**MATERIAL SUPPLIED:**

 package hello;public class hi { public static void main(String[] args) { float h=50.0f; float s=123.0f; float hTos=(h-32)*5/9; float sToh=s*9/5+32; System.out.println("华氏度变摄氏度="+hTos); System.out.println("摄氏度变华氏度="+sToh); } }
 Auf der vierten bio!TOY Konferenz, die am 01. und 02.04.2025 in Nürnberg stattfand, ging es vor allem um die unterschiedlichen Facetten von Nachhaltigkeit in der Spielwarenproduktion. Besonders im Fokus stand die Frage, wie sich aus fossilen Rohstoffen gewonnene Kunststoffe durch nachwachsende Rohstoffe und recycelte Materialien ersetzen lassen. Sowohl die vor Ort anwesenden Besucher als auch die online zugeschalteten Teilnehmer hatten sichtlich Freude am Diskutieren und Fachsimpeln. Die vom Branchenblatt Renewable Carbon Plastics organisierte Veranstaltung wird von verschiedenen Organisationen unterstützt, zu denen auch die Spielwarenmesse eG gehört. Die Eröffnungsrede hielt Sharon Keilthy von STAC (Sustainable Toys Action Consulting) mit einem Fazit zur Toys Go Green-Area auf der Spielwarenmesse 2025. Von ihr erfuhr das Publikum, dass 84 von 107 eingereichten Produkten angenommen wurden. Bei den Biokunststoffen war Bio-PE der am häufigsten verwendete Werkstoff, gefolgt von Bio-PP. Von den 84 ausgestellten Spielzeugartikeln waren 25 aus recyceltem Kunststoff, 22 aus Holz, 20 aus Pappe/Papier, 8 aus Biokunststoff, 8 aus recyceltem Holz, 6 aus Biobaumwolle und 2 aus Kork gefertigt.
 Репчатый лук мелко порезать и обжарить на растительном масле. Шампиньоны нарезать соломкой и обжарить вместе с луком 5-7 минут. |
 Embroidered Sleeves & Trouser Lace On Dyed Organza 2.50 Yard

* * *

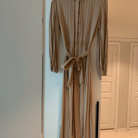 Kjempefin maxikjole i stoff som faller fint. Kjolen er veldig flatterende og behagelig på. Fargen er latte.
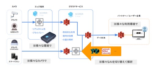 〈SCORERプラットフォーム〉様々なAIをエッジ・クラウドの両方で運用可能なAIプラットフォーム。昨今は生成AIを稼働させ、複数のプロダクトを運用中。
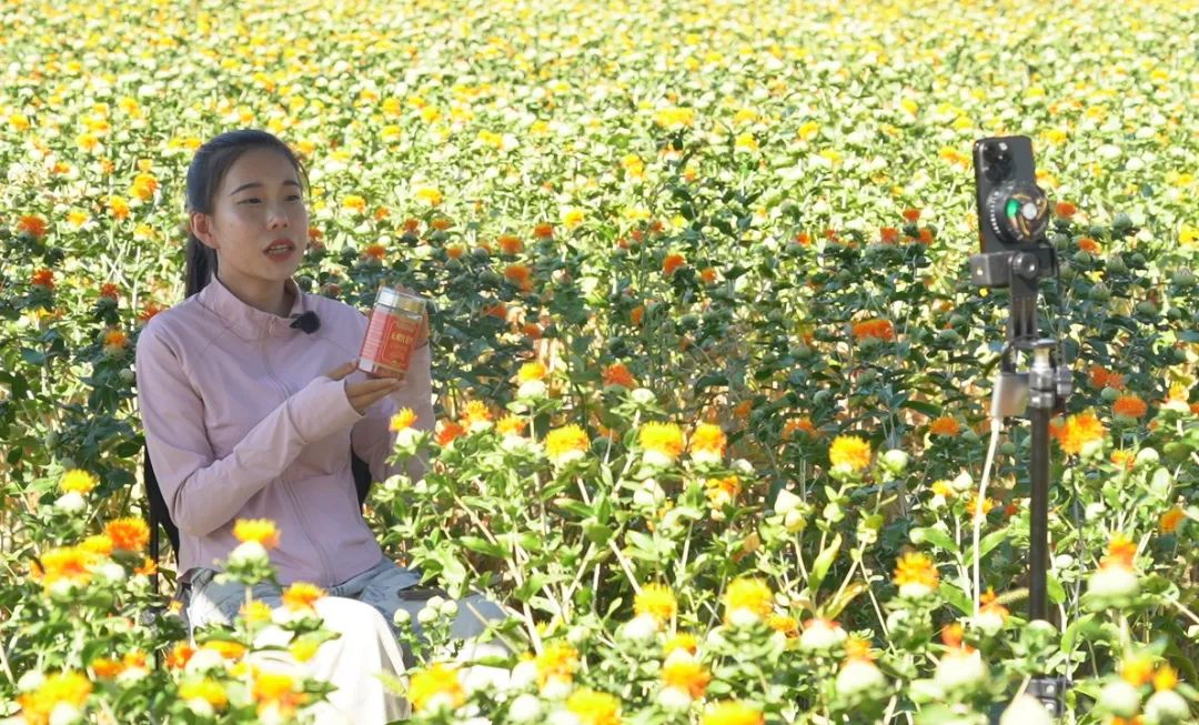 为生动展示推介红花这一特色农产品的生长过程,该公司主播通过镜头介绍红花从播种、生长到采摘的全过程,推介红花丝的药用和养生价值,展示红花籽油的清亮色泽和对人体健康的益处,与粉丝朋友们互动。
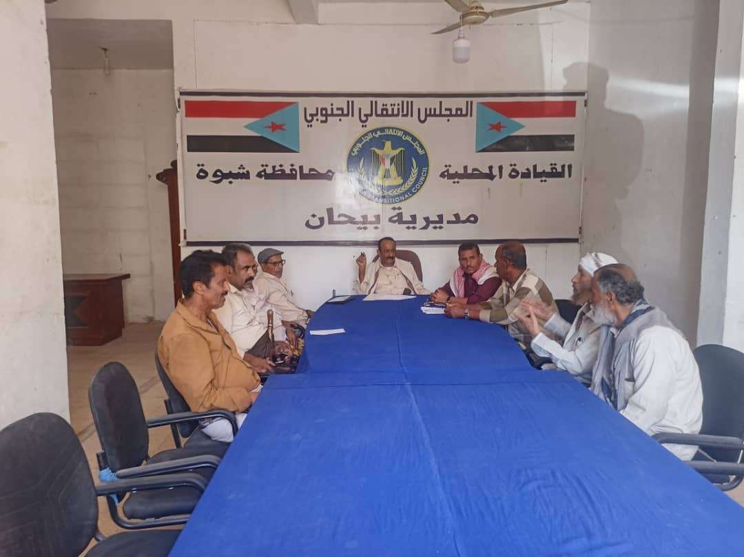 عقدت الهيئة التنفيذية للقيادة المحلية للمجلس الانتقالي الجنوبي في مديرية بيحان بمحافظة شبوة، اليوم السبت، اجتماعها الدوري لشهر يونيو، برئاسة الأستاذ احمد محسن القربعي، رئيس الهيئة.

**WORK TO BE COMPLETED:** For the material above, give again only the lines starting at the line that contains "为生动展示推介红花这一特色农" and ending at the line that contains "عقدت الهيئة التنفيذية". Pictures do not belong in the copy.

**EXERCISE OUTPUT:**
 为生动展示推介红花这一特色农产品的生长过程,该公司主播通过镜头介绍红花从播种、生长到采摘的全过程,推介红花丝的药用和养生价值,展示红花籽油的清亮色泽和对人体健康的益处,与粉丝朋友们互动。
 عقدت الهيئة التنفيذية للقيادة المحلية للمجلس الانتقالي الجنوبي في مديرية بيحان بمحافظة شبوة، اليوم السبت، اجتماعها الدوري لشهر يونيو، برئاسة الأستاذ احمد محسن القربعي، رئيس الهيئة.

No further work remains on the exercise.